Thursday, November 25, 2010

Astounded

I am astounded sometimes. Generally by one of two things. Some days, I find myself astounded by God and how He orchestrates details so intricately, how He cares so deeply for His children, how there is absolutely no where I can escape from His grip of grace, and how He is so worthy of complete trust and I don't ever have to worry again.

Then come the times like what I experienced earlier this week where I am stressed to the max, I feel like I can't balance anything else on my plate, and I get so caught up in everyday duties and responsibilities and trying to do them all just right that I forget what (or Whom) I really live for. And after so many times of witnessing God's providence, grace, and faithfulness, I must say that I astound myself. How is it possible for me to so quickly forget all that God has done and is doing? How is it possible for me to get so lost, so caught up in this dust-devil of a life when I know what being led, step by step, by the hand of the Shepherd feels like?

These are thoughts that occurred to me on my eight hour drive home from Abilene on Monday. I was at the end of my rope. I simply couldn't take the pressure of school anymore, so in five minutes I had thrown a bunch of clothes along with some necessities in a duffel bag, ready to take off running the minute I finished my ten o'clock exam. I was angry, and while it came across as embitterment toward the academic world and the ability of its pressure to suck the joy out of that which I am so passionate about, in reality that anger was a soul's deep cry for fulfillment. I know that sounds slightly melodramatic, but it's the truth.

I'm thinking about these verses from Song of Solomon:
"I looked for the one my heart loves. I looked for him but did not find him. I will get up now and go about the city through it's streets and squares; I will search for the one my heart loves... When I found the one my heart loves... I held him and would not let him go."

These verses so aptly describe the cry of our souls. That's life. Truly. It's a depth of love that brings purpose to every day. Passionately pursuing the Beloved, even to the point of desperation. We are to seek God in everything that we do. You know, "In the streets, in your home, on the job, all alone, highways, byways..." that whole deal. It's not just a fun song to sing! It's Truth, and it's a huge part of abundant Life. We MUST make pursuing the Beloved and searching for where God is moving in every moment the single most important part of our lives. If we don't, our souls will NOT be satisfied! That's where I was at. I was at that point where I was so caught up in the activities of my everyday life (activities that included reading the Bible to check it off my list) that I forgot to look for my Beloved. Frankly, I hadn't even noticed that He wasn't there, or worse, that He was right there all the time and I just wasn't enjoying Him.

I know it's a strange thing to say in today's world - that the worst thing we can possibly do is get so caught up in activity that we don't find our enjoyment in God - but it's true. Busyness and stress wouldn't bother us so much if it weren't. I learned that once, not too long ago. I learned how important it is to look for God in every aspect of life, to practice the presence of God, to search until I find my Beloved and then to never let Him go. I learned that God is in everything and seeking His presence lends purpose to even the most mundane parts of life. But then I forgot, and that astounds me. Which brings us full circle, back to the beginning of this post. I praise God for holidays and times of rest and, most of all, for His willingness to stop and remind me of things I've forgotten. He is so patient and gracious that way.

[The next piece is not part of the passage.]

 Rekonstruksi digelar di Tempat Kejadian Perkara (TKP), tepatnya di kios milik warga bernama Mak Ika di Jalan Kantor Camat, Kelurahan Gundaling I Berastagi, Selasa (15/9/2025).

I'll close with a quote from George Mueller that John Piper used in the sermon that helped get me realigned. May it serve as a precious reminder to you as well.

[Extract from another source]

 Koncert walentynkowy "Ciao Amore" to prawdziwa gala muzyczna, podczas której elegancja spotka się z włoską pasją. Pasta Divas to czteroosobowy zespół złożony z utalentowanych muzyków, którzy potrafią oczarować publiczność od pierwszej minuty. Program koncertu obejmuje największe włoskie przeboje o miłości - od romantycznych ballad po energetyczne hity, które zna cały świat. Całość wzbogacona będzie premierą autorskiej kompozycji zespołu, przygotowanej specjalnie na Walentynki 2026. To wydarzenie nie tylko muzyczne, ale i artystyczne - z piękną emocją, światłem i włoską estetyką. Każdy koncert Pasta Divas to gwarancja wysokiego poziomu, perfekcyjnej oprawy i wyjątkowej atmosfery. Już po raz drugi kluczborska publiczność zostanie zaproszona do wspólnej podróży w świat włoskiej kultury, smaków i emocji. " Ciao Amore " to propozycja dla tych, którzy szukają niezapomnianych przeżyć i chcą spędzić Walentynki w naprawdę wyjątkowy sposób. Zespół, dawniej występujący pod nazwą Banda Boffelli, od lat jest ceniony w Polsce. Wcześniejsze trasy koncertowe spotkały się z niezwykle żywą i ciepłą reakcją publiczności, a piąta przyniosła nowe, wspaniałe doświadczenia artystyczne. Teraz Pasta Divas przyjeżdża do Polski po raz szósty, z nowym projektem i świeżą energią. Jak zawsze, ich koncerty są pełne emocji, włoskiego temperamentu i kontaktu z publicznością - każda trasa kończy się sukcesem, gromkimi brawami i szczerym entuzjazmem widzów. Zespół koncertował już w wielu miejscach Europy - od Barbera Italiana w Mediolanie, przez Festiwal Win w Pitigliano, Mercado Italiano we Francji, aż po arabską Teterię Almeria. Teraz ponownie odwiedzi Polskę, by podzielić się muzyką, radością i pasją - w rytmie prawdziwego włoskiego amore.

"I saw more clearly than ever that the first great primary business to which I ought to attend every day was, to have my soul happy in the Lord . . . not how much I might serve the Lord, . . . but how I might get my soul into a happy state, and how my inner man might be nourished."

I pray this will become the thought that starts my day, "I will get up now and go about the city, through its streets and squares; I will search for the one my heart loves."